▸ **Work item**: Please produce an exact transcription of the lines from the one containing "Upon arriving at" through the last line of the entries, leaving out every picture.

▸ **Material shown**:
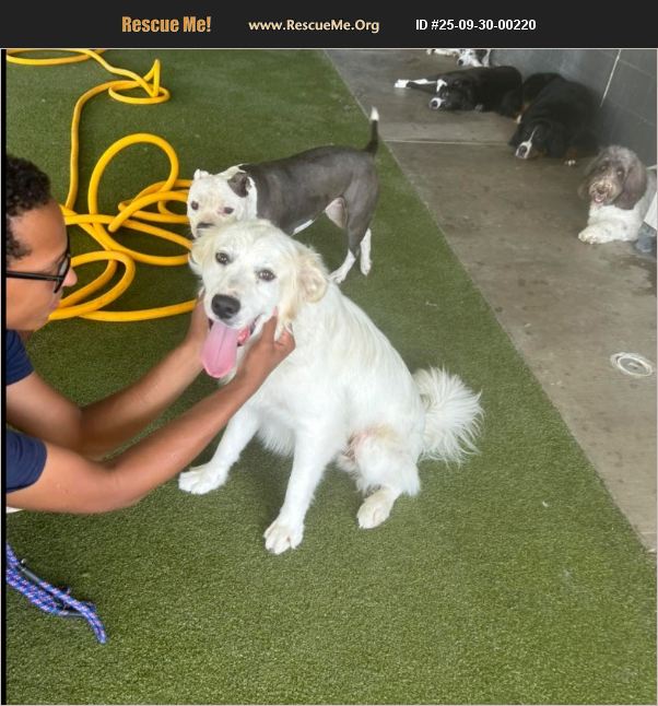 Very sweet, friendly, and energetic Great Pyrenees mix. Found as stray in 2/2025. He was malnourished and much of the fur on his posterior back and hind legs was gone (due to skin allergy with secondary Staph skin infection) when found. With TLC and meds he is now happy and healthy. He weighs about 60 lbs, so he is on the small side for a GP. Very smart, vaxxed, neutered, chipped, and crate trained! He would be a good companion for a young or middle aged adult or couple or family with older children/teenagers who can give him the exercise and attention he needs. Fun and goofy boy, but too energetic and large for smaller/younger children. He can be protective/possessive of his food/treats (possibly from his street days). He can be destructive/chewy and digs, which he will likely outgrow when he matures from puppyhood into adulthood.
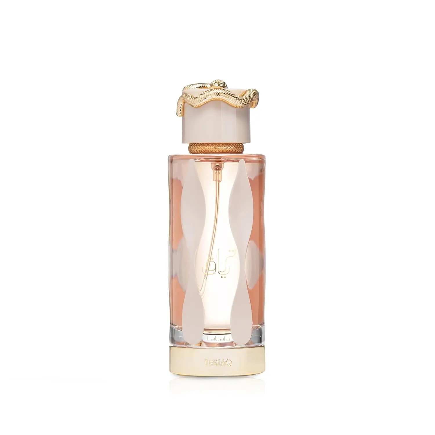 Teriaq EDP 100ml by Lattafa is a premium, modern unisex fragrance designed for evening wear and cooler seasons, offering a rich gourmand leather profile with a balanced and structured composition. This gourmand perfume opens with a blend of caramel, bitter almond, apricot, and pink pepper, delivering a sweet yet slightly spiced introduction with a soft fruity nuance.
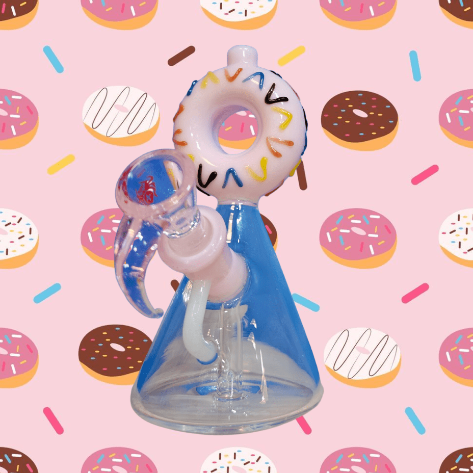 Hungry for a snack? High Class Glass has made the perfect doughnut rig for all your needs. Standing at 6in Tall, and a Firm Beaker Base. Also with a curved fixed down-stem to the base of beaker. Including a 14mm Dab Banger and a perfect little mouth piece coming out the top of the doughnut.
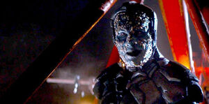 Upon arriving at the construction site, Tzim-Sha killed the site's security guard before climbing up the crane Karl was operating. He later stopped Karl from jumping from his crane onto a neighbouring one where the Doctor was and started to drag him away. The Doctor jumped across and went after him and threatened to destroy his recall device (which would allow him to return home) if he did not release Karl. Believing that the Doctor was bluffing, Tzim-Sha detonated DNA bombs that the gathering coils had placed in the Doctor and her companions eariler, only to discover that the Doctor had transferred the bombs into the coils' data, which Tzim-Sha had downloaded.
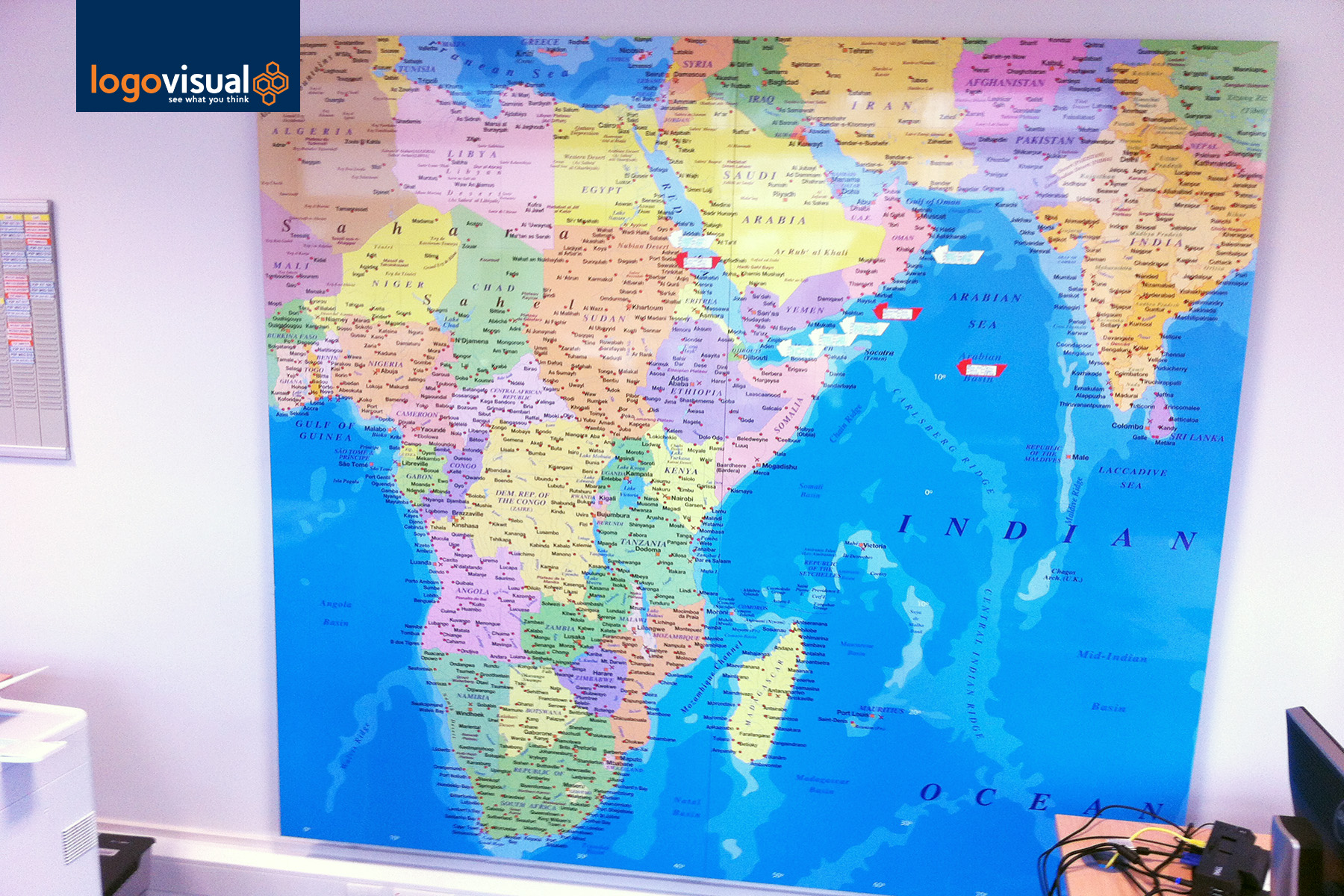 Magnetic drywipe maps offer a contemporary aesthetic solution to any office, and can consist of any design from existing map artwork or a defined version for a specific use.

▸ **Result of this task**:
 Upon arriving at the construction site, Tzim-Sha killed the site's security guard before climbing up the crane Karl was operating. He later stopped Karl from jumping from his crane onto a neighbouring one where the Doctor was and started to drag him away. The Doctor jumped across and went after him and threatened to destroy his recall device (which would allow him to return home) if he did not release Karl. Believing that the Doctor was bluffing, Tzim-Sha detonated DNA bombs that the gathering coils had placed in the Doctor and her companions eariler, only to discover that the Doctor had transferred the bombs into the coils' data, which Tzim-Sha had downloaded.
 Magnetic drywipe maps offer a contemporary aesthetic solution to any office, and can consist of any design from existing map artwork or a defined version for a specific use.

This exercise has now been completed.